## Task
An exact reproduction of all the data is needed, with no images in it.

BEGIN Given data

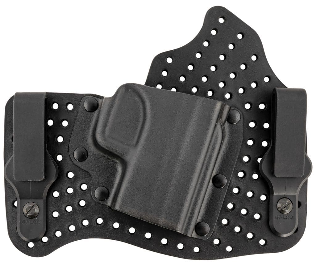 A cooler alternative to Galco’s best-selling KingTuk IWB, the patented KingTuk Air provides a level of comfort previously unknown with broad-plated IWB holsters. The ventilated backing plate combined with a rigid Kydex holster pocket provides extreme comfort along with fast draw and easy holstering. Its removable metal belt clips can be moved up or down in the corresponding holes in the leather, enabling the user to set the carry height and angle to suit their unique preferences.
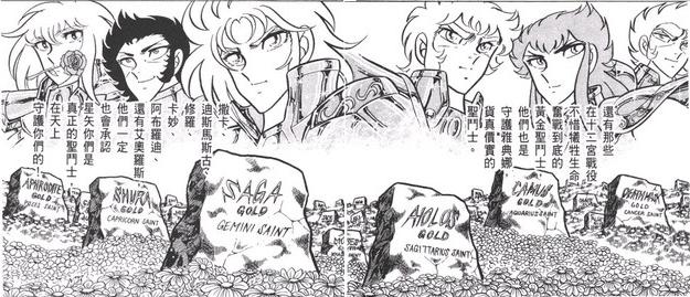 del manga Next Dimension Siendo un lugar que por lo general se evita, el cementerio ha sido el centro de atención en la saga de Hades, ya que es aquí donde la guerra santa del siglo XIX comenzó realmente, la invasión del Santuario empezó aquí. De hecho, el dios Hades unió a su causa a muchos de los Saints de Atenea enterrados aquí y estos últimos, después de haber jurado lealtad al dios del Inframundo, volvieron a la vida saliendo por sí mismos de sus propias tumbas. Asimismo, en el manga precuela Episode G, un ejército invisible de soldados de los Titanes intenta acceder a los 12 templos atravesando este lugar, siendo detenidos por el Gold Saint de Acuario, Camus, que los abate a todos con su Diamond Dust.
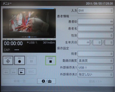 ブルーレイディスクとUSBメモリー、USBハードディスクドライブとUSBメモリーというように、2つのメディアへ同時にリアルタイム記録が可能なので、手術や検査の終了と同時に保存が完了します。

END Given data

## Result
 A cooler alternative to Galco’s best-selling KingTuk IWB, the patented KingTuk Air provides a level of comfort previously unknown with broad-plated IWB holsters. The ventilated backing plate combined with a rigid Kydex holster pocket provides extreme comfort along with fast draw and easy holstering. Its removable metal belt clips can be moved up or down in the corresponding holes in the leather, enabling the user to set the carry height and angle to suit their unique preferences.
 del manga Next Dimension Siendo un lugar que por lo general se evita, el cementerio ha sido el centro de atención en la saga de Hades, ya que es aquí donde la guerra santa del siglo XIX comenzó realmente, la invasión del Santuario empezó aquí. De hecho, el dios Hades unió a su causa a muchos de los Saints de Atenea enterrados aquí y estos últimos, después de haber jurado lealtad al dios del Inframundo, volvieron a la vida saliendo por sí mismos de sus propias tumbas. Asimismo, en el manga precuela Episode G, un ejército invisible de soldados de los Titanes intenta acceder a los 12 templos atravesando este lugar, siendo detenidos por el Gold Saint de Acuario, Camus, que los abate a todos con su Diamond Dust.
 ブルーレイディスクとUSBメモリー、USBハードディスクドライブとUSBメモリーというように、2つのメディアへ同時にリアルタイム記録が可能なので、手術や検査の終了と同時に保存が完了します。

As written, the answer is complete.